(Beginning of Supplied entries)
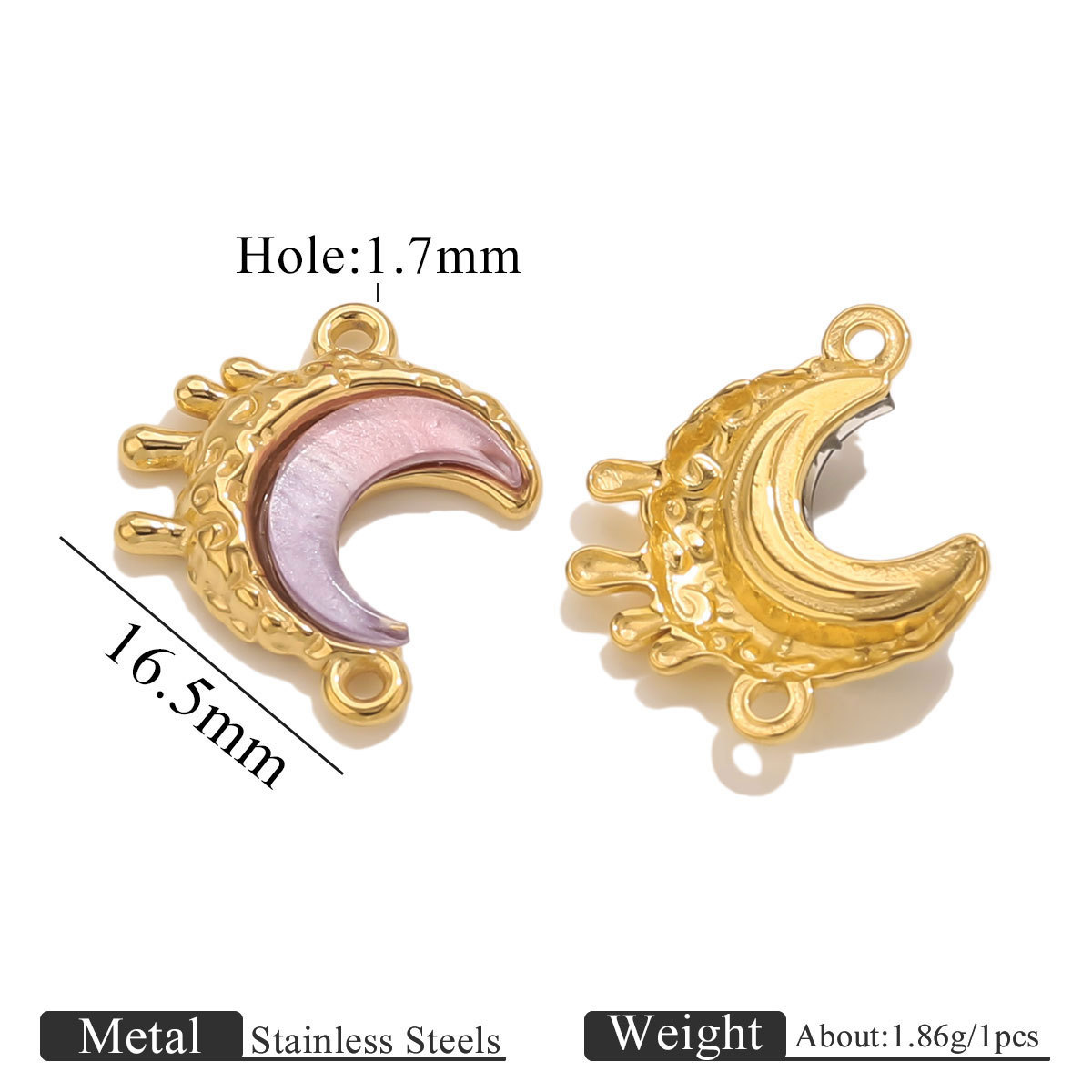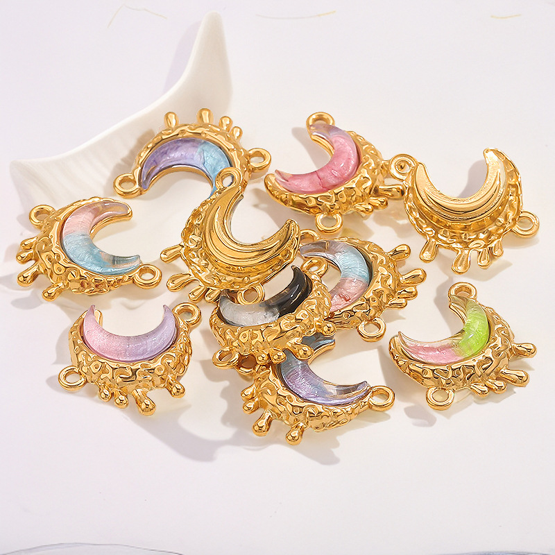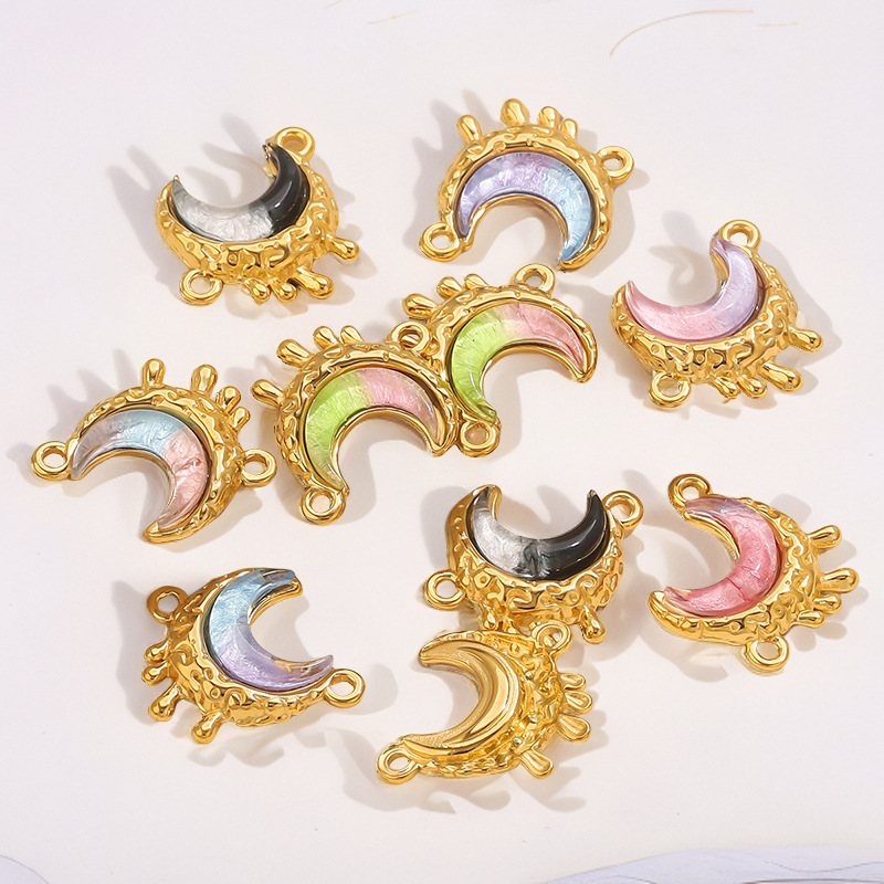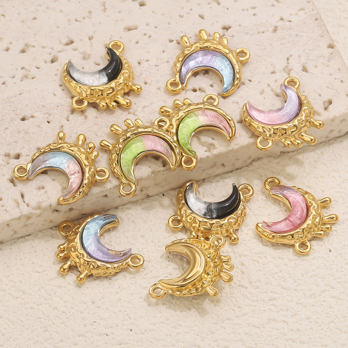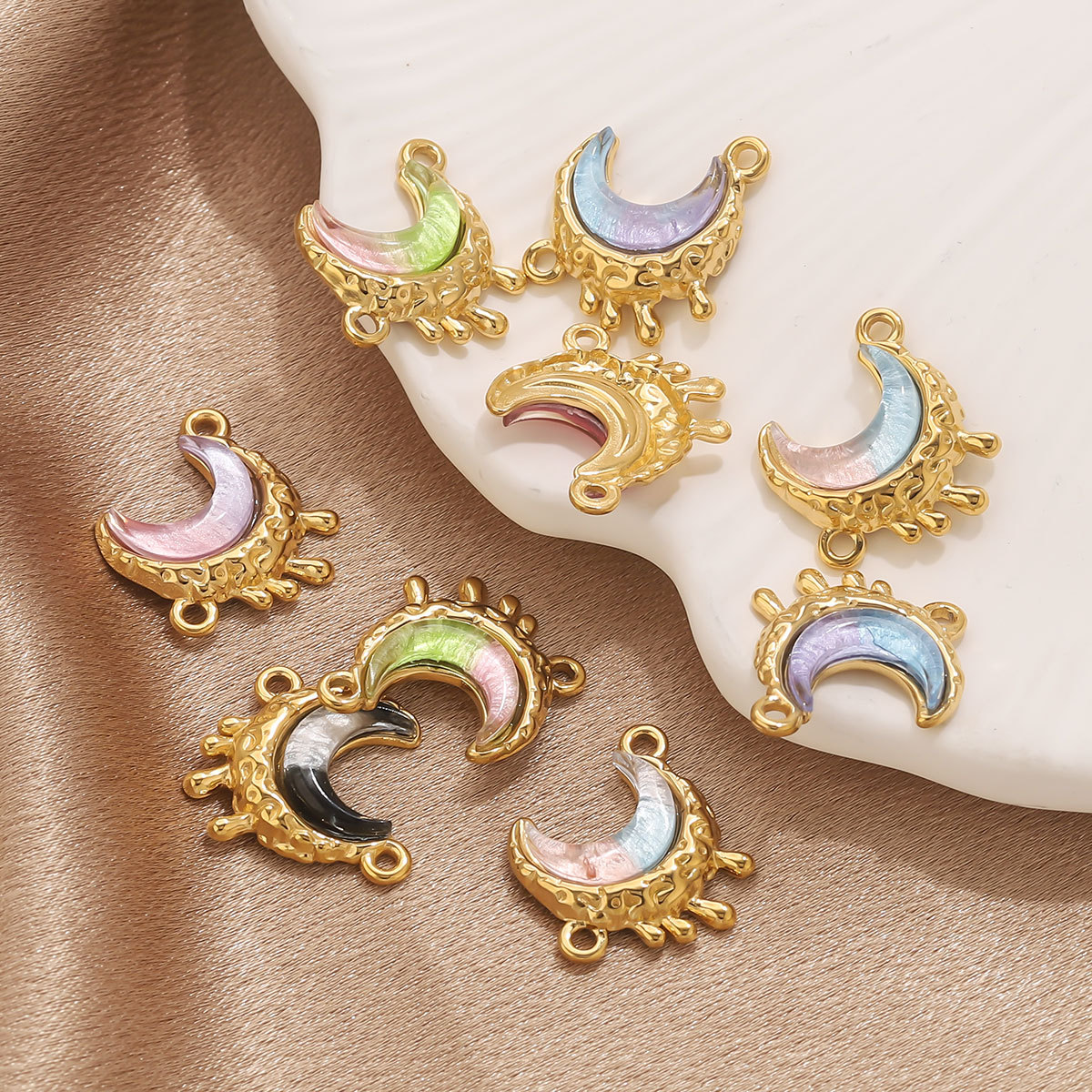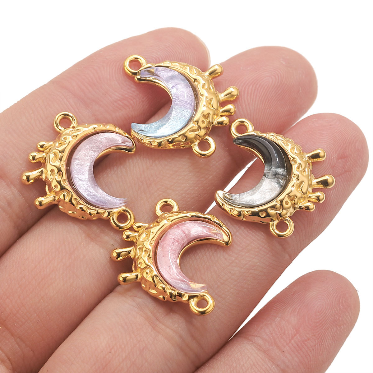 Pendentif en acier inoxydable résine, Acier inoxydable 304, avec résine, lune, Placage de couleur d'or, DIY & double trou, plus de couleurs à choisir, 3PC/sac, Vendu par sac
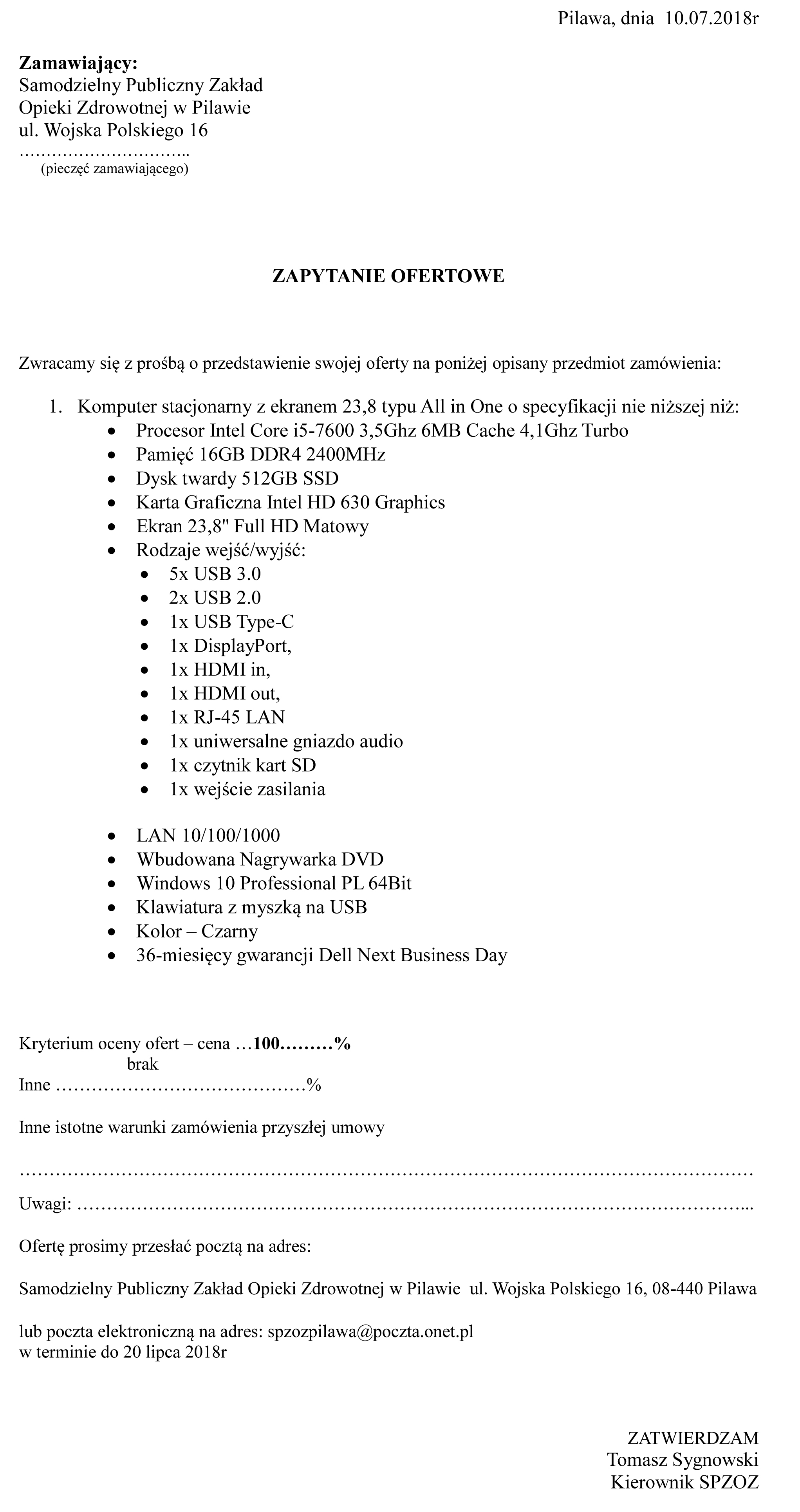 - Kategoria: Zamówienia do 30 tysięcy euro
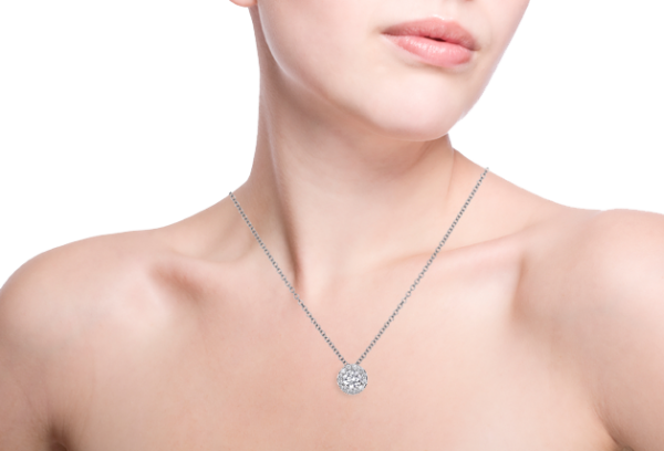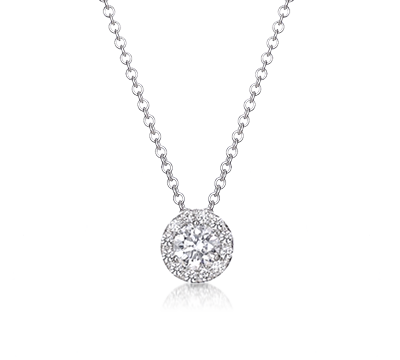 1/2ct round center diamond (H/I1 quality or better), surrounded by 0.35ct round diamonds (G/SI1 quality)
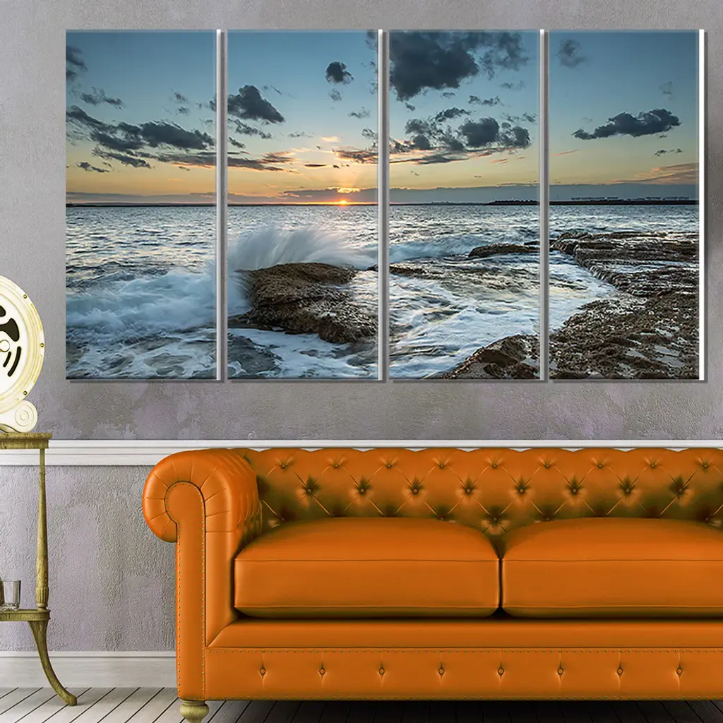 "Bright Sydney Sunset Over Sea" Canvas Print, 4 Panels
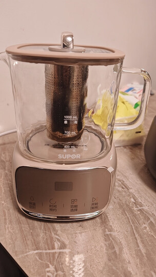 苏泊尔(SUPOR)全玻璃养生壶煮茶壶1L迷你养生杯煮茶器花茶壶 恒温壶母婴级 保温烧水壶316L带滤网0胶水SW-10Y08Q
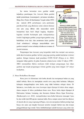 (Hardiansyah et al., 2018) memperkirakan rawa herba Indonesia mencapai 2 juta
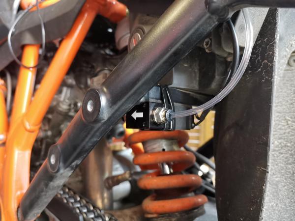 Das Dosierventil habe ich an die Rahmenquerstrebe hinter dem Federbein auf der linken Seite mit doppeltem Kabelbinder befestigt. Zwischen Dosierventil und Rahmen habe ich die mitgelieferte und von mir zugeschnittene Moosgummipolsterung geklebt.
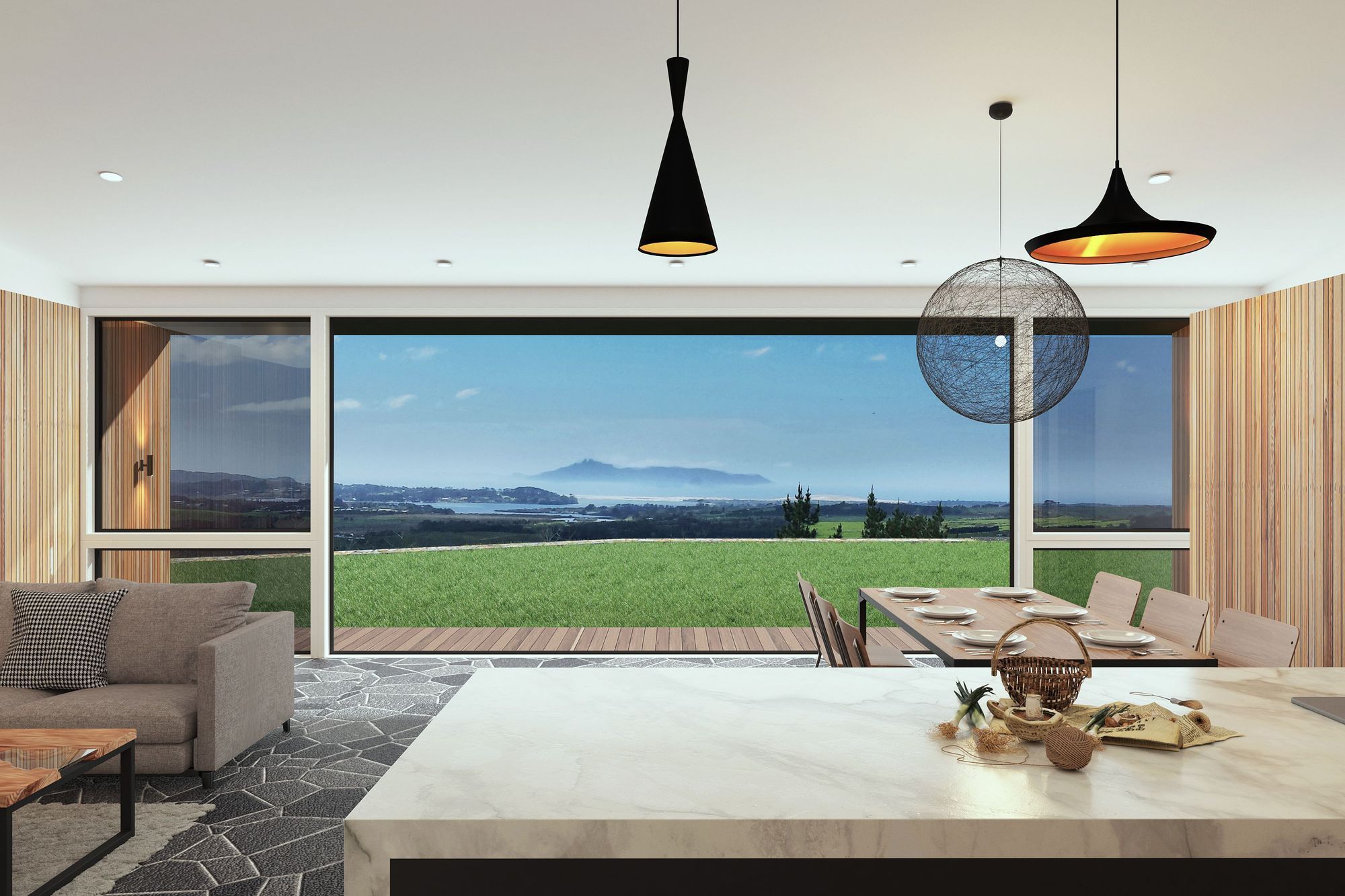 ArchiPro Project Summary - A stunning modern family home in Mangawhai, featuring detailed 3D imagery that captures breathtaking views, custom cedar cladding, and realistic interior lighting, all developed in collaboration with Gubb Design.
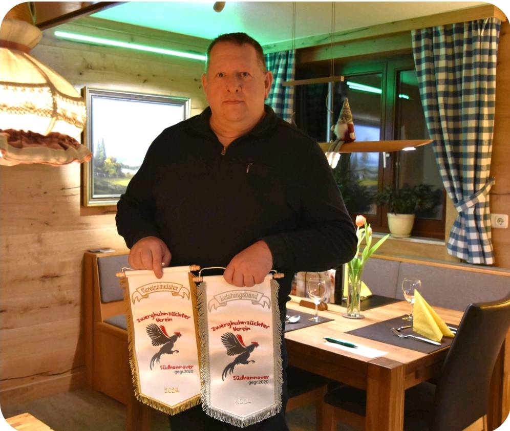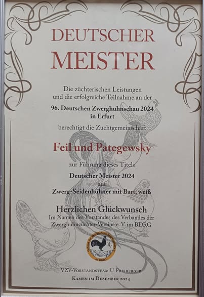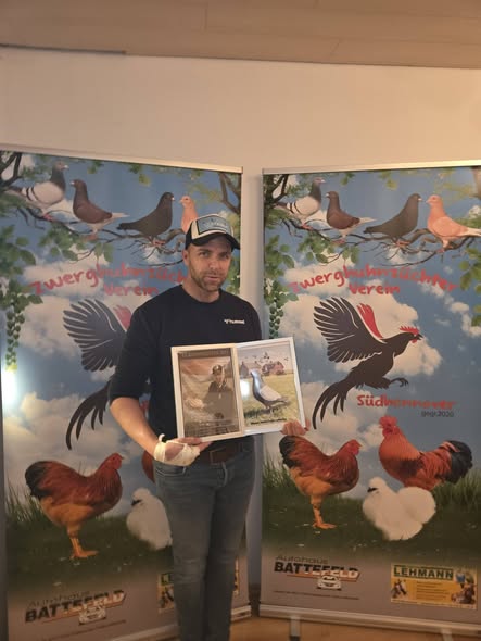 Und mit seinen Zwerg Seidenhühner perlgrau ebenfalls Europachampion ![]()
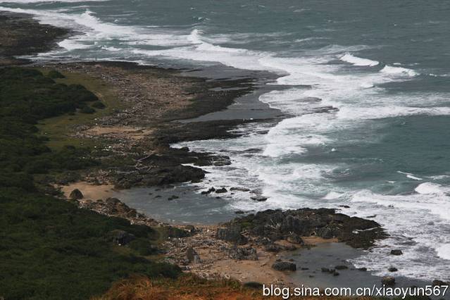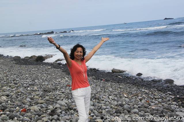 那几位站在湿地的团友,就被浪打湿了鞋,等你感到浪来了,想跑已来不及了。台湾的海滩没有平缓的沙滩,是海沟状,被浪卷走的可能很大。所以导游一直在说,禁止碰到海水,危险大大的,被卷走就会站不起来。
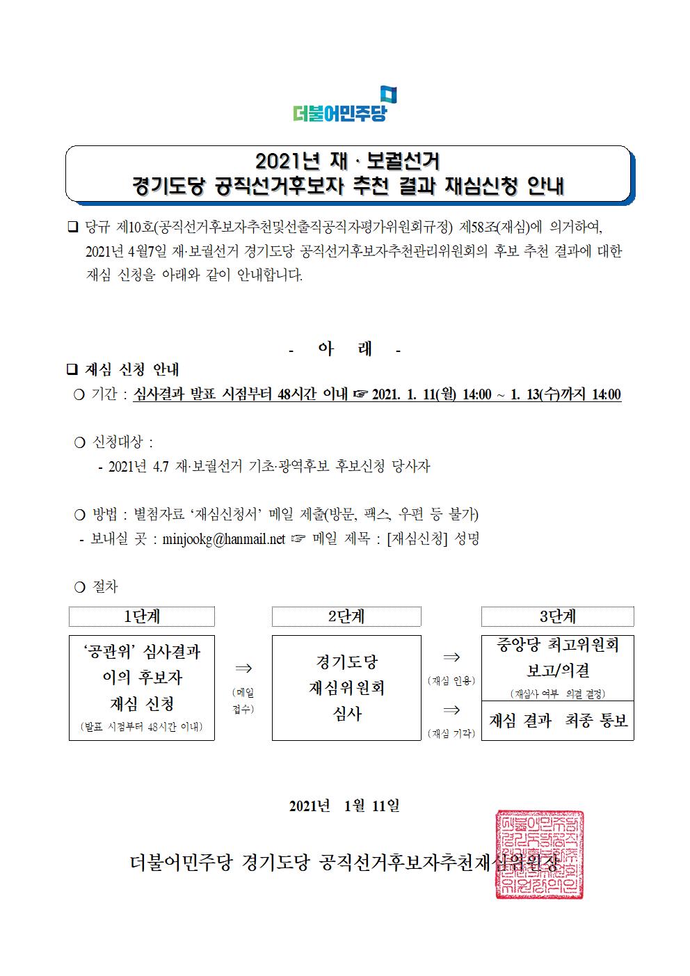 2021년 재·보궐선거 경기도당 공직선거후보자 추천 결과 재심신청 안내
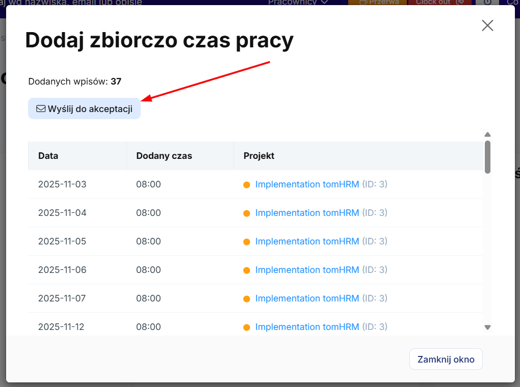 Przycisk jest teraz dostępny również w oknie z podsumowaniem akcji Dodaj zbiorczo. Dzięki temu możesz skorzystać z funkcji masowego dodawania wpisów (https://support.tomhrm.com/kb/masowe-dodawanie-czasu-pracy-w-projektach/) za cały miesiąc z dołu i od razu wysłać do osoby akceptującej.
(End of Supplied entries)
Restate the material word for word from its first line through the line containing "2021년 재·보궐선거 경기도당 공직선거후보자 추천 결과 재심신청 안내", both included; the pictures do not belong in it.

▸ **Answer to this exercise**:
 Pendentif en acier inoxydable résine, Acier inoxydable 304, avec résine, lune, Placage de couleur d'or, DIY & double trou, plus de couleurs à choisir, 3PC/sac, Vendu par sac
 - Kategoria: Zamówienia do 30 tysięcy euro
 1/2ct round center diamond (H/I1 quality or better), surrounded by 0.35ct round diamonds (G/SI1 quality)
 "Bright Sydney Sunset Over Sea" Canvas Print, 4 Panels
 苏泊尔(SUPOR)全玻璃养生壶煮茶壶1L迷你养生杯煮茶器花茶壶 恒温壶母婴级 保温烧水壶316L带滤网0胶水SW-10Y08Q
 (Hardiansyah et al., 2018) memperkirakan rawa herba Indonesia mencapai 2 juta
 Das Dosierventil habe ich an die Rahmenquerstrebe hinter dem Federbein auf der linken Seite mit doppeltem Kabelbinder befestigt. Zwischen Dosierventil und Rahmen habe ich die mitgelieferte und von mir zugeschnittene Moosgummipolsterung geklebt.
 ArchiPro Project Summary - A stunning modern family home in Mangawhai, featuring detailed 3D imagery that captures breathtaking views, custom cedar cladding, and realistic interior lighting, all developed in collaboration with Gubb Design.
 Und mit seinen Zwerg Seidenhühner perlgrau ebenfalls Europachampion ![]()
 那几位站在湿地的团友,就被浪打湿了鞋,等你感到浪来了,想跑已来不及了。台湾的海滩没有平缓的沙滩,是海沟状,被浪卷走的可能很大。所以导游一直在说,禁止碰到海水,危险大大的,被卷走就会站不起来。
 2021년 재·보궐선거 경기도당 공직선거후보자 추천 결과 재심신청 안내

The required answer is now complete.